* EXERCISE DETAILS *
Your copy must hold every line of the records word for word. It must hold no pictures.

Items from a data source

--------------------------------------------------

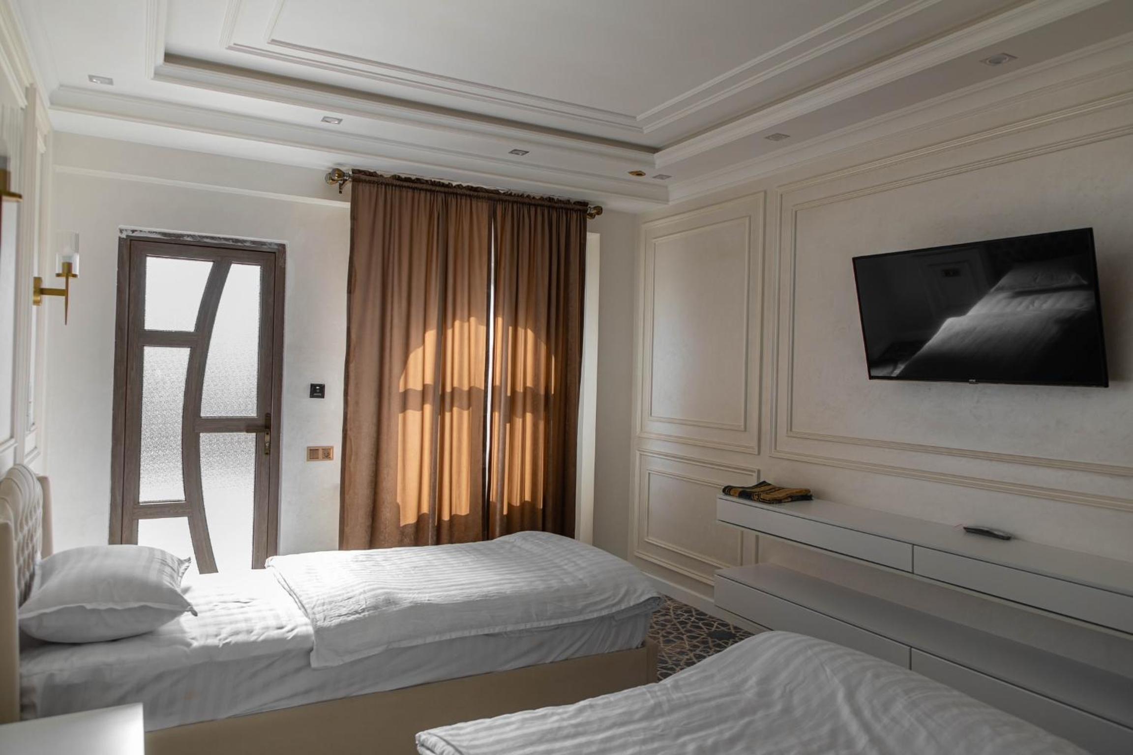 The staff was absolutely perfect! Very kind guys, always ready and willing to help. The location is within walking distance from Registan (15 min on foot); despite being placed on a busy street, you don't hear anything from the inside. It was a perfect stay!
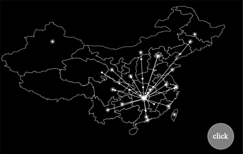 - 每次新产生一笔物流单,都有一个标记沿路线移向目标的动画效果。
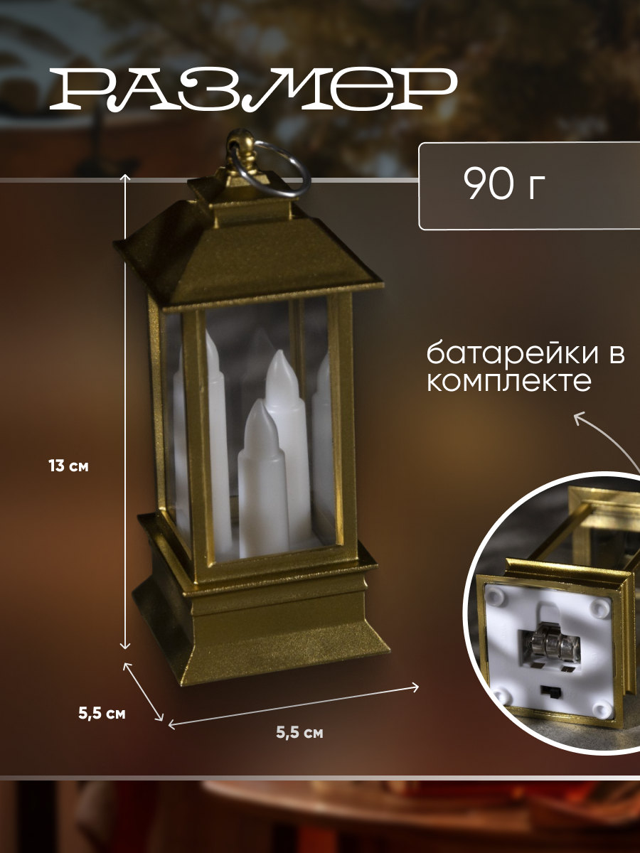Купить Фигура светодиодная "Фонарь цвет золото с тремя свечами", 13х5.5х5.5 см, 3xAG13, Т/белый
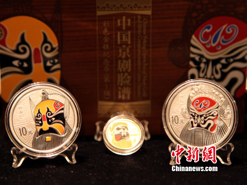中國人民銀行發行的中國京劇臉譜彩色金銀紀念幣(第1組),其中金幣1枚,銀幣2枚,新近在臺灣面市。圖為11月16日,中國金幣總公司在臺灣的總經銷,位于臺北市和平東路三段68之1號的臺灣大洋金銀幣公司展售的該套金銀紀念幣。據悉,由于臺灣有著不少的京劇票友,該套紀念幣很受歡迎。
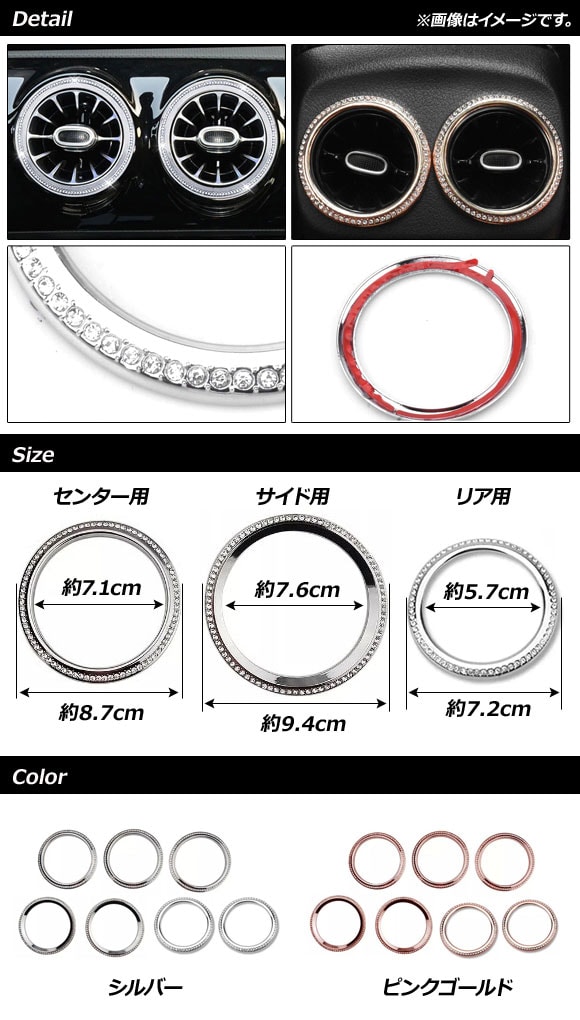 エアコンダクトリングカバーセット メルセデス・ベンツ Bクラス W247 B180,B200 2019年06月~ ピンクゴールド フロント&リア ラインストーン付き 入数:1セット(7個)

--------------------------------------------------

* EXERCISE SOLUTION *
 The staff was absolutely perfect! Very kind guys, always ready and willing to help. The location is within walking distance from Registan (15 min on foot); despite being placed on a busy street, you don't hear anything from the inside. It was a perfect stay!
 - 每次新产生一笔物流单,都有一个标记沿路线移向目标的动画效果。
Купить Фигура светодиодная "Фонарь цвет золото с тремя свечами", 13х5.5х5.5 см, 3xAG13, Т/белый
中國人民銀行發行的中國京劇臉譜彩色金銀紀念幣(第1組),其中金幣1枚,銀幣2枚,新近在臺灣面市。圖為11月16日,中國金幣總公司在臺灣的總經銷,位于臺北市和平東路三段68之1號的臺灣大洋金銀幣公司展售的該套金銀紀念幣。據悉,由于臺灣有著不少的京劇票友,該套紀念幣很受歡迎。
 エアコンダクトリングカバーセット メルセデス・ベンツ Bクラス W247 B180,B200 2019年06月~ ピンクゴールド フロント&リア ラインストーン付き 入数:1セット(7個)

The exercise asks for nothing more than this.